Instagram has given users more control over their main feed algorithm — but only for interest-based topics, not for the accounts they actually follow. The feature, previously available in other parts of the app, now lets users type in topics they want to see more or less of, such as "rescue dogs" or "parenting humor." However, when users try to request "posts from people I follow," the app returns an error message that says "no results found," according to Engadget.
The Business Problem: User Agency vs. Algorithmic Recommendations
According to Adam Mosseri, head of Instagram, the change is intended to give users more "agency" over their experience. “I believe it’s in our best interest as a business to empower people to shape Instagram into something that works for them, and that people should be able to have a meaningful amount of agency over the products they spend so much time in,” he wrote in a lengthy Threads post, as reported by Engadget.
But that agency has a clear boundary. The feature only works with interest-based topics, leaving users who want to see more content from the people they follow disappointed. Mosseri acknowledged the frustration: “Who you follow used to be a meaningful tool people had for shaping their own experience, and as recommendations took over the main feed that tool quietly stopped working,” he wrote. He explained that the shift was inevitable because personal moments moved to Stories and DMs, and a feed of one-in-fifty friends posting a polished moment wasn't interesting — algorithmic recommendations filled that gap.

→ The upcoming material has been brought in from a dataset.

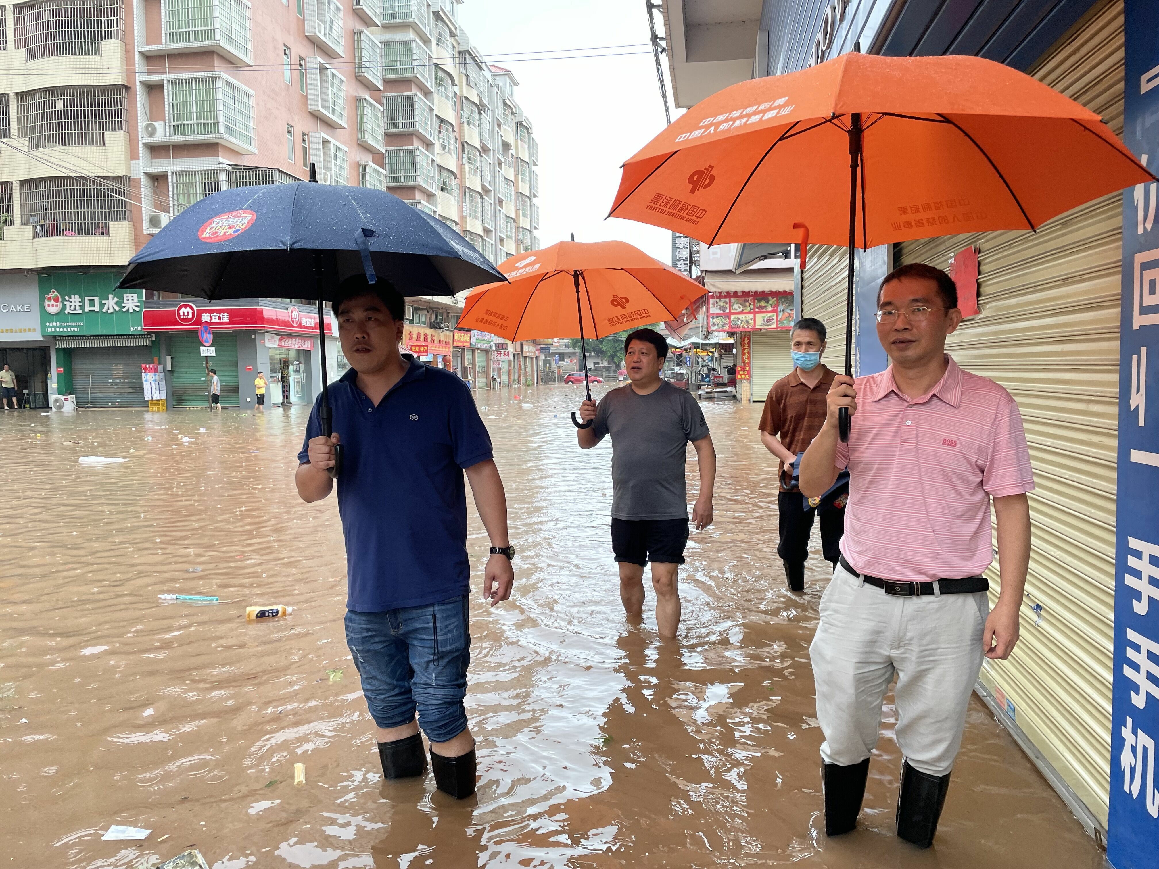江门市福彩中心在收到开平市福彩中心通报后,给合党史学习教育“我为群众办实事”实践活动,中心领导班子带领市场部、技术部工作人员,带上投注机和备件等,火速前往站点检查受损情况。据现场了解,受浸的四个站点已初步退水,销售台和投注区的家具被浸约十多公分,投注机和刮刮乐即开票均没有损坏。在水口镇新华路57号的第44122463号投注站,吴占求主任向站点负责人黄先生详细地了解站点受浸损失情况和对销售的影响,鼓励黄先生树立信心,积极做好恢复营业的准备,并现场检查站点的电路和网络。对站点的复工复产工作,吴占求主任提出指导意见,既要在内涝全面退去后全面检查一次电路、网络和销售设备,保证电、网、机器的正常运行,并在销售过程中加强对销售设备的运行监测,如出现故障及时联系市中心技术人员进行维修,又要及时对投注站内外作一次全面的清洁,彻底对设备和环境消毒,做到安全复工复产与健康防疫两不误。
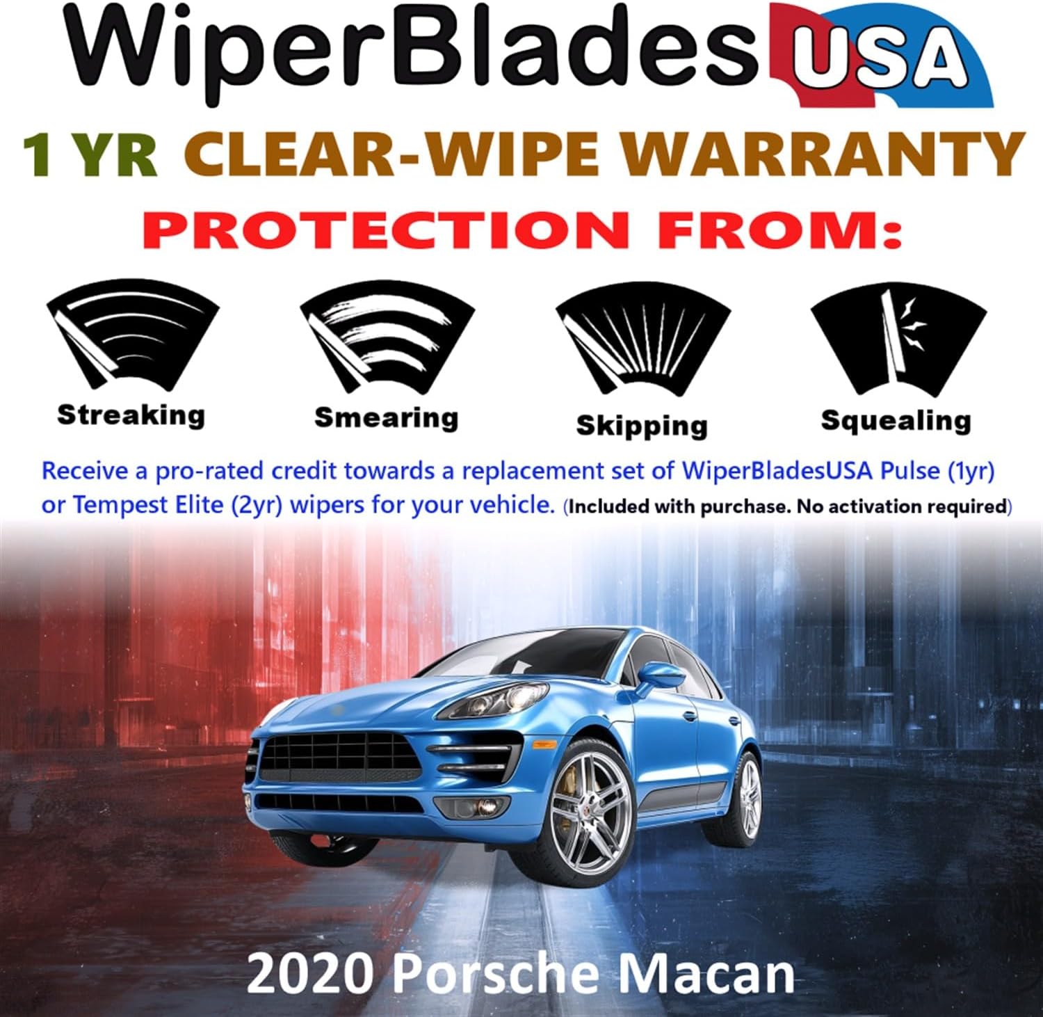 2020 Porsche Macan Pulse Beam wiper blades wipers set +Trico ExactFit Rear wiper. Guaranteed to fit your 2020 Porsche MacanWiperBladesUSA Beam Wiper Blades - Durable Flexible Beam Blade These WiperBladesUSA® beam wiper blades contours to the curvature of your windshield to provide even wiping pressure along the full length of the blade. These wiper blades have a 1 year Wiper Wear Warranty included. Meaning if they stop keeping you safe you get a credit towards a fresh pair. (See Details) When WiperBladesUSA says "We Got You" we want to make sure you keep good working wipers on your car. Every day. All the time. The beam wiper wiper blade is designed to be compatible with your 2020 Porsche Macan Virtually streak-free visibility Great wipers to have in rain, sleet and snow1 year "Clear-Wipe Warranty"Smooth, chatter-free wipe is a result of the specially blended teflon rubber bladeEnhanced flexibility and grip from the durable, rubber-encased substructureSignificant noise reduction and wind lift through a built-in aerodynamic spoiler to keep the wiper on the windshield at freeway speedsAll weather tough wiper blades with a synthetic rubber squeegee that will withstand even the most extreme weather conditionsPrevents ice and snow build-up through the elimination of exposed metal components. Easy Installation: Included in the bundle is directions (w/video) to simple and easy to use step-by-step installation on to your 2020 Porsche Macan

The Technology Behind It: Large Language Models
Mosseri revealed that the new personalization features are made possible by large language models (LLMs), which have helped demystify previously inscrutable algorithms. According to Engadget, Mosseri said these same tools could eventually enable an even deeper level of personalization or a completely "bespoke" version of the app. Instagram is "actively working on supporting requests for people, different moods or vibes, content types, and more."

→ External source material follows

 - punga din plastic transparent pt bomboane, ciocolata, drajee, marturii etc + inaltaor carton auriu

| Feature | What It Does | Limitation |
|---|---|---|
| Topic-based personalization | Users can type topics (e.g., "rescue dogs") to see more or less of that content. | Does not support requests for "posts from people I follow." |
| Large language models powering it | LLMs help understand user intent and demystify algorithm behavior. | Still in early stages; future versions may offer bespoke experiences. |
The Limitation: No Support for Following Feed Requests
For creators and businesses, the inability to prioritize posts from followed accounts is a sore spot. Engadget noted that Mosseri is regularly questioned about why creators' posts don't consistently reach all — or even most — of their followers. While Instagram does offer a dedicated "following" feed (a separate tab), Mosseri did not indicate any plans to scale back recommendations in the main feed. The new personalization feature, therefore, allows users to fine-tune interest-based content but does not restore the old chronological or follow-based feed.

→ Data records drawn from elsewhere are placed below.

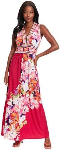 London Times Sleeveless V-Neck Maxi Casual Dresses for Women
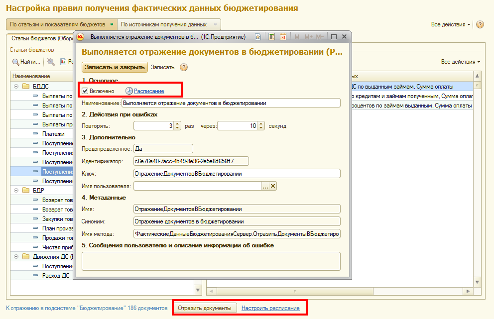 Настройка отложенного или оперативного отражения в системе бюджетных документов определяется функциональными опциями в разделе Администрирование – Бюджетирование и международный учет – Автоматически запускать фоновое задание расчета хранимых данных при проведении документов и Автоматически запускать фоновое задание расчета хранимых данных бюджетирования из отчетов.
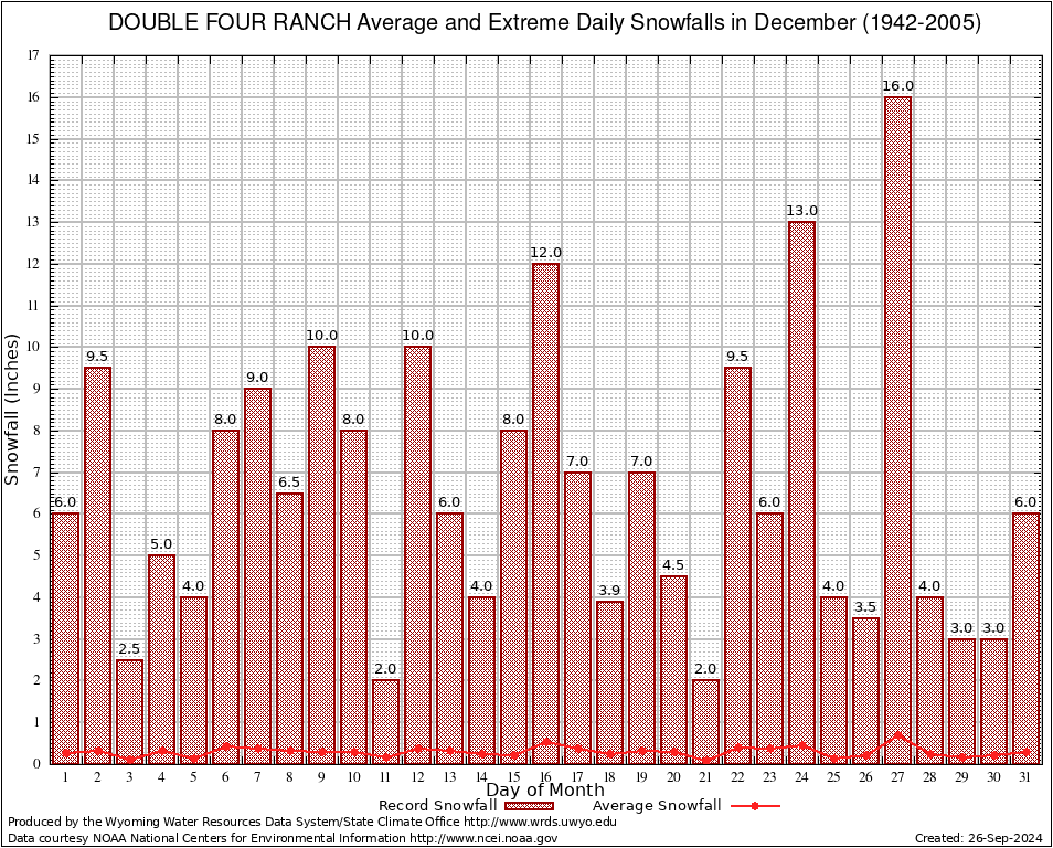 December Average and Extreme Daily Snowfall AMounts (1942-2005)
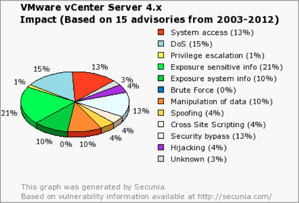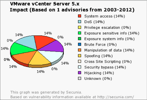 Khi nhìn vào số liệu thống kê từ Secunia, ta thấy rằng hai kết quả đầu tiên là System Access và DoS, System Access trên ESXi có nghĩa là cho phép kẻ tấn công truy cập vào tất cả mọi thứ trên môi trường ảo hóa. Còn vCenter, hãy nhìn vào Hình 5 và 6.

Implications for Content Creators and Businesses
The update is significant for any organization using Instagram for marketing or customer engagement. Mosseri's acknowledgment that "leaning into content from accounts you do not follow became an inevitability" underscores a strategic shift: Instagram prioritizes algorithmic recommendations to keep users engaged with a broader set of content, but this reduces organic reach for creators. Enterprise users relying on Instagram for brand awareness must adapt their strategies, knowing that even followers may not see their posts unless the algorithm recommends them.
For technology leaders, this case illustrates the delicate balance between personalization, user control, and platform business models. The use of LLMs to give users more visible control over algorithms — while still retaining core recommendation logic — is a pattern likely to spread across consumer and enterprise platforms alike.